The sanctions, leveled against three dozen businesses, tycoons and officials late Friday, caused Russian stocks to drop the most since President Vladimir Putin’s invasion of the Crimean peninsula in 2014. Sberbank wasn’t targeted in this round of sanctions.

The lender “has been clobbered not because it is the most vulnerable to U.S. sanctions but because it’s what everyone is long in and has the most profits in,” said Julian Rimmer, a London-based emerging-markets trader at Investec Bank Plc.

Among those named by the sanctions were Oleg Deripaska and his aluminum giant, United Co. Rusal. International trading houses were advised to “immediately withhold all payments” to the company, according to a copy of a letter sent by its head of marketing. Sberbank is among Rusal’s largest creditors.

Assessing Reaction

“The total risk of Sberbank in relation to companies included on the U.S. Treasury’s sanctions list of April 6, 2018, is less than 2.5 percent of assets,” Sberbank’s Chief Financial Officer Alexander Morozov said via text message. Sberbank’s total assets had climbed to 23.4 trillion rubles ($390 billion) by the end of March, according to its report prepared to Russian accounting standards.

Sberbank closed down 17 percent in Moscow, its biggest drop since the 2008 financial crisis. Shares in the bank, an investor darling despite being cut off from international debt markets in 2014, are still trading 37 percent higher than a year ago.

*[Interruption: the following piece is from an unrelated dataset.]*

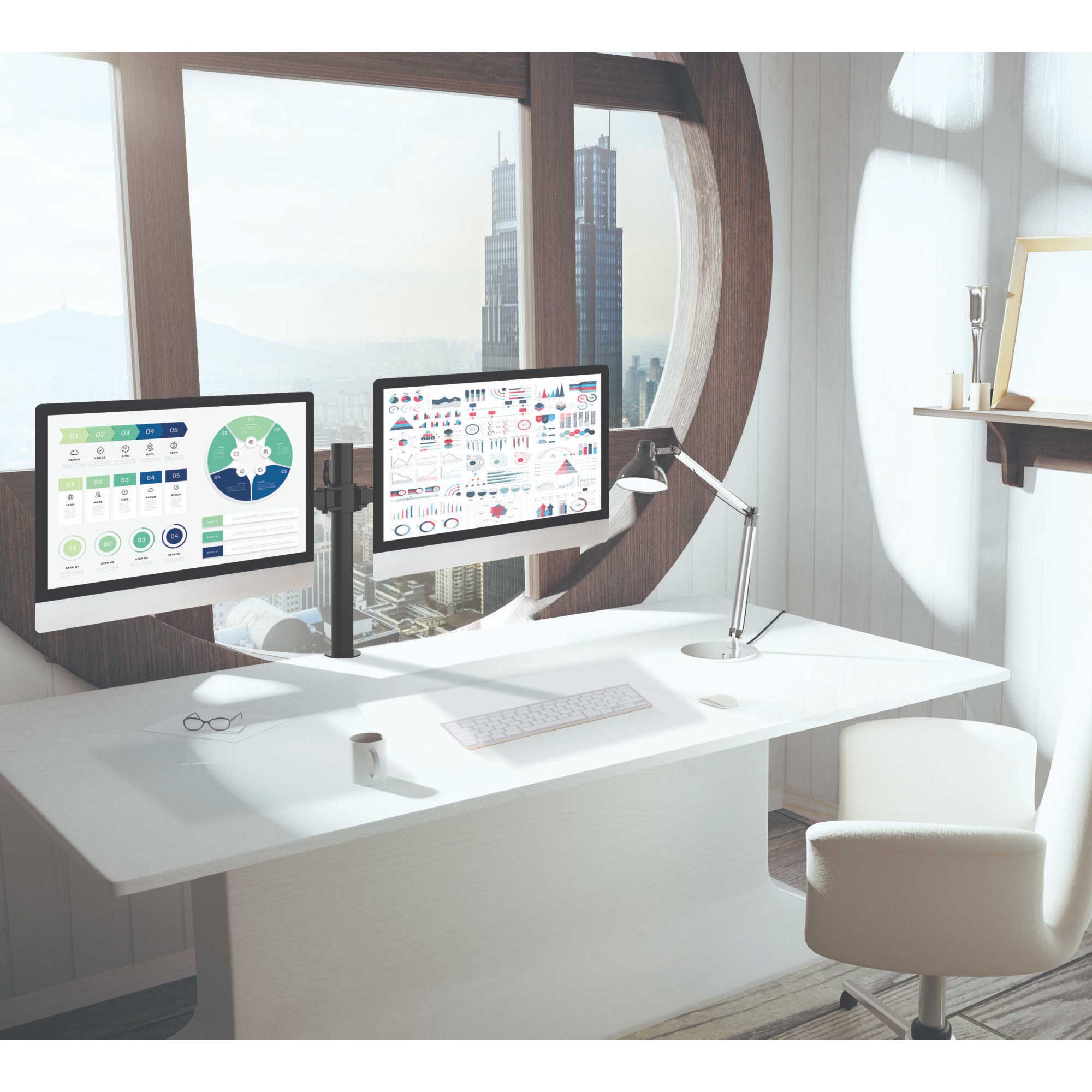 قابلیت اتصال دو مانیتور به صورت گیرهای قابلیت تنظیم ارتفاع آسان به وسیله اهرم دارای مفاصل متحرک دارای گیره نگهدارنده کابل قابلیت چرخش ۳۶۰ درجه مانیتور مناسب مانیتورهای تا وزن ۱۰ کیلوگرم با فاصله جای پیچ ۷۵x۷۵ یا ۱۰۰x۱۰۰ میلیمتر

The MOEX Russia Index fell 8.3 percent, while the ruble fell below 60 per dollar for the first time since November.

The Kremlin said it needs time to assess the impact of the sanctions and its potential retaliation, Putin’s spokesman Dmitry Peskov told reporters on a conference call Monday.

“Sberbank got hammered, unjustly in my view, as it is a proxy for Russia,” Luis Saenz, co-head of global equities at BCS Global Markets in London, said. “If this compliance selloff continues at today’s levels, it will be a buying opportunity.”